Assume, for the sake of contradiction, that \(\sqrt{2} \times 2\) is rational. Then we can write:
Dividing both sides by 2, we get:
\(\sqrt{2} = \frac{r}{2}\text{.}\)
Since \(r\) is rational, \(\frac{r}{2}\) is also rational, implying that \(\sqrt{2}\) is rational, which is a contradiction. Hence, \(\sqrt{2} \times 2\) is irrational.
A similar argument shows that \(\sqrt{2} \times \sqrt{3}\) is irrational by assuming it is rational and arriving at a contradiction that \(\sqrt{6}\) would be rational, which it is not.
Subsection 8.3.2 More Elaborate Examples of Irrationality
Sometimes, demonstrating that a number is irrational can be more challenging and require more sophisticated techniques. In this subsection, we will explore some harder examples to illustrate these methods.

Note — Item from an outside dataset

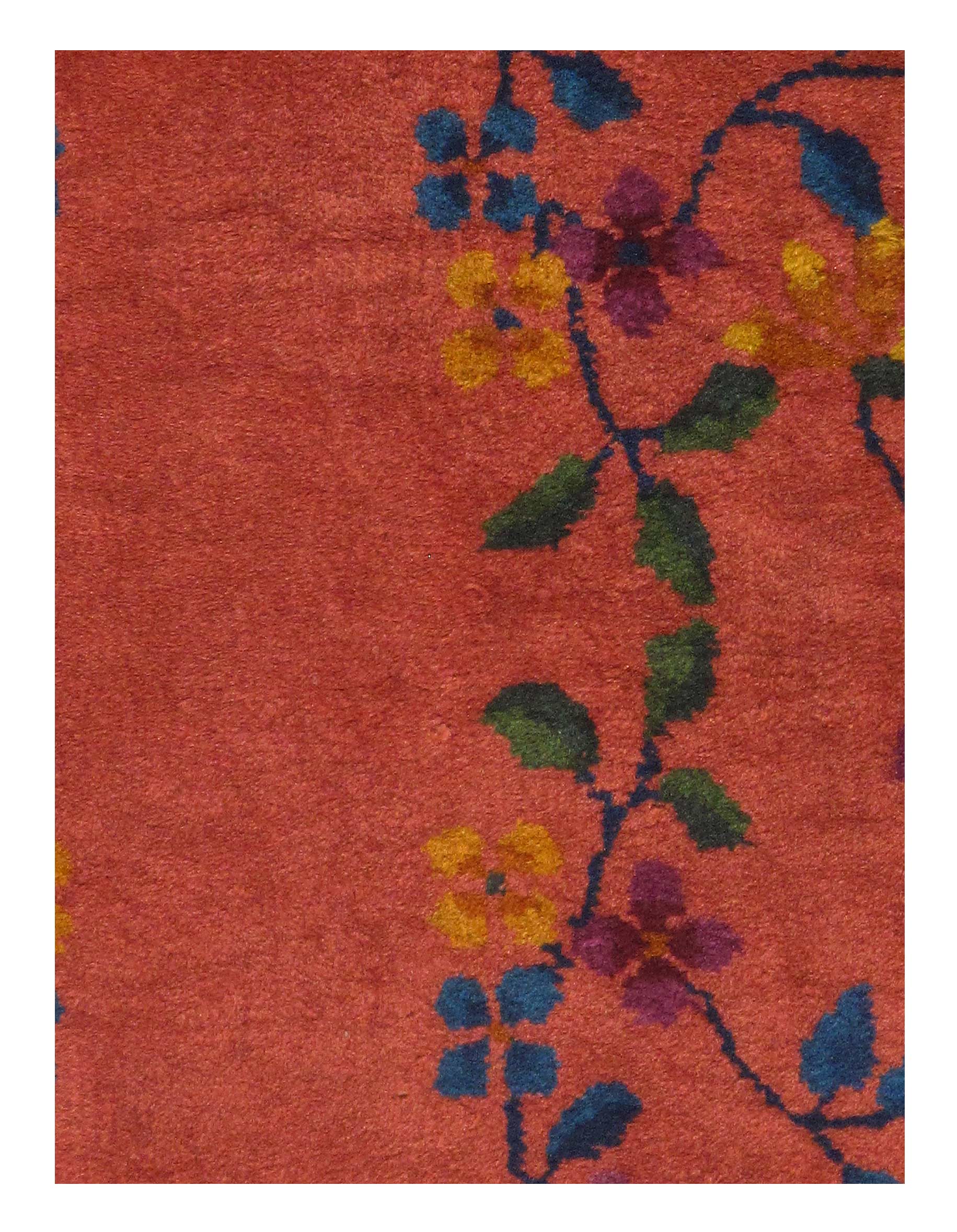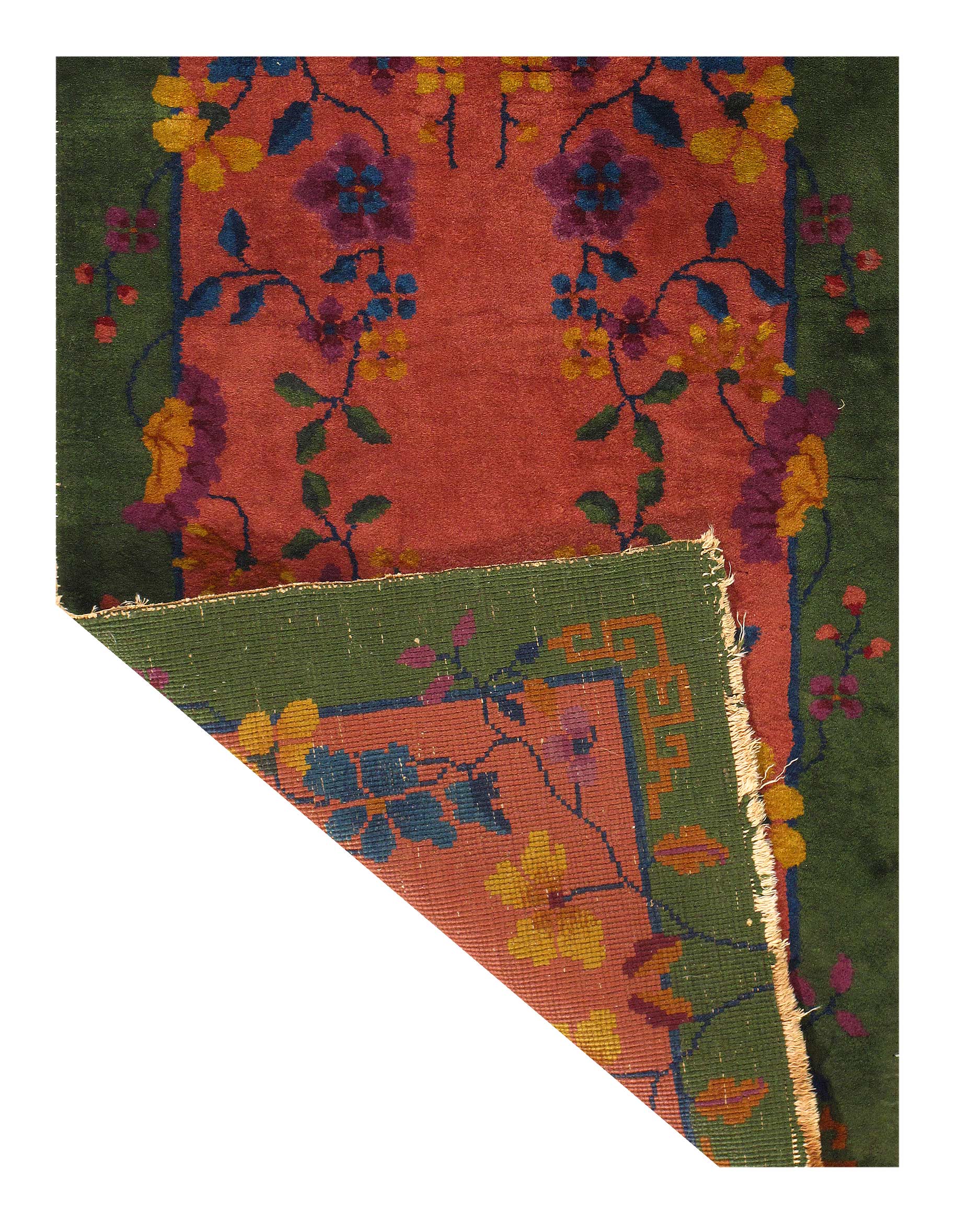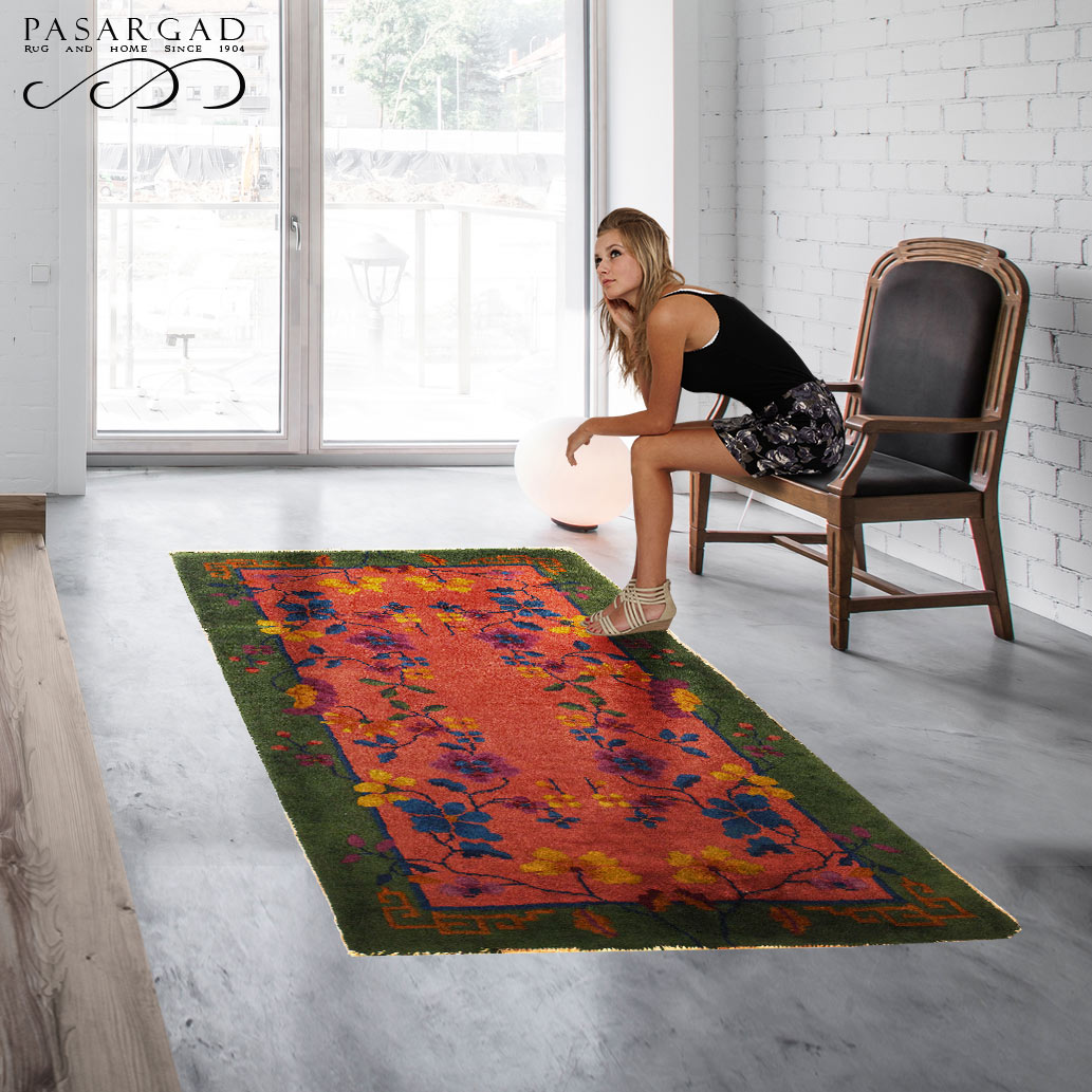 Chinese Deco Rug, Origin: China, Circa: Early 20th Century – Here is an exciting and appealing antique Oriental carpet – an antique Art Deco rug that was designed and woven in China during the early years of the twentieth century. Heavily informed by the aesthetic inclinations of the Art Deco period, this unique carpet is a compelling and thought-provoking example. A scalloped Purple encloses a Light Green sand field on this exquisitely subtle and restrained antique Chinese Art Deco. At first the field appears empty or open, but it is actually covered by a tone-on-tone design of scrolls and cloud-bands emanating inward from the outer edges. In their sinuous rhythms they echo the scalloped forms of the border and continue its visual effects across the carpet in a more subdued manner. This carpet testifies to the masterful design sensibilities of Chinese weavers as they made the transition into the modern world. The Art Deco movement had an outside influence on the world of art and design, and some of the most important qualities and characteristics of that movement may be found in this fine small rug.

Let’s begin by showing that \(\sqrt{2} + \sqrt{3}\) is irrational. We will do this by assuming that it is rational and then squaring the expression to arrive at a contradiction.
Example 8.3.9.
Assume, for the sake of contradiction, that \(\sqrt{2} + \sqrt{3}\) is rational. Then we can write:
\(\sqrt{2} + \sqrt{3} = r\) for some rational number \(r\).
Squaring both sides of the equation, we get:
\((\sqrt{2} + \sqrt{3})^2 = r^2\).
Expanding the left-hand side, we have:
\(\sqrt{2}^2 + 2\sqrt{2}\sqrt{3} + \sqrt{3}^2 = r^2\).
Simplifying, we get:
\(2 + 2\sqrt{6} + 3 = r^2\).
Combining like terms, we obtain:
\(5 + 2\sqrt{6} = r^2\).
Since \(r\) is rational, \(r^2\) is also rational. Therefore, \(5 + 2\sqrt{6}\) must be rational. However, we know that \(2\sqrt{6}\) is irrational because \(\sqrt{6}\) is irrational (as 6 is not a square number).
Thus, \(5 + 2\sqrt{6}\) is a sum of a rational number (5) and an irrational number (\(2\sqrt{6}\)), which is irrational. This contradicts our assumption that \(5 + 2\sqrt{6}\) is rational. Therefore, \(\sqrt{2} + \sqrt{3}\) must be irrational.
Next, we will show that \(\sqrt[3]{2} \times \sqrt{3}\) is irrational by assuming it is rational and then solving for 2 to reach a contradiction.
Example 8.3.10.
Assume, for the sake of contradiction, that \(\sqrt[3]{2} \times \sqrt{3}\) is rational. Then we can write:
\(\sqrt[3]{2} \times \sqrt{3} = r\) for some rational number \(r\).
We can cube both sides of the equation to remove the cube root:
\((\sqrt[3]{2} \times \sqrt{3})^3 = r^3\).
Expanding the left-hand side, we have:
\(\sqrt[3]{2}^3 \times \sqrt{3}^3 = r^3\).
Simplifying, we get:
\(2 \times 3\sqrt{3} = r^3\).
Combining the constants, we obtain:
\(6\sqrt{3} = r^3\).
Since \(r\) is rational, \(r^3\) is also rational. Therefore, \(6\sqrt{3}\) must be rational. However, we know that \(\sqrt{3}\) is irrational.
Thus, \(6\sqrt{3}\) is a product of a rational number (6) and an irrational number (\(\sqrt{3}\)), which is irrational. This contradicts our assumption that \(6\sqrt{3}\) is rational. Therefore, \(\sqrt[3]{2} \times \sqrt{3}\) must be irrational.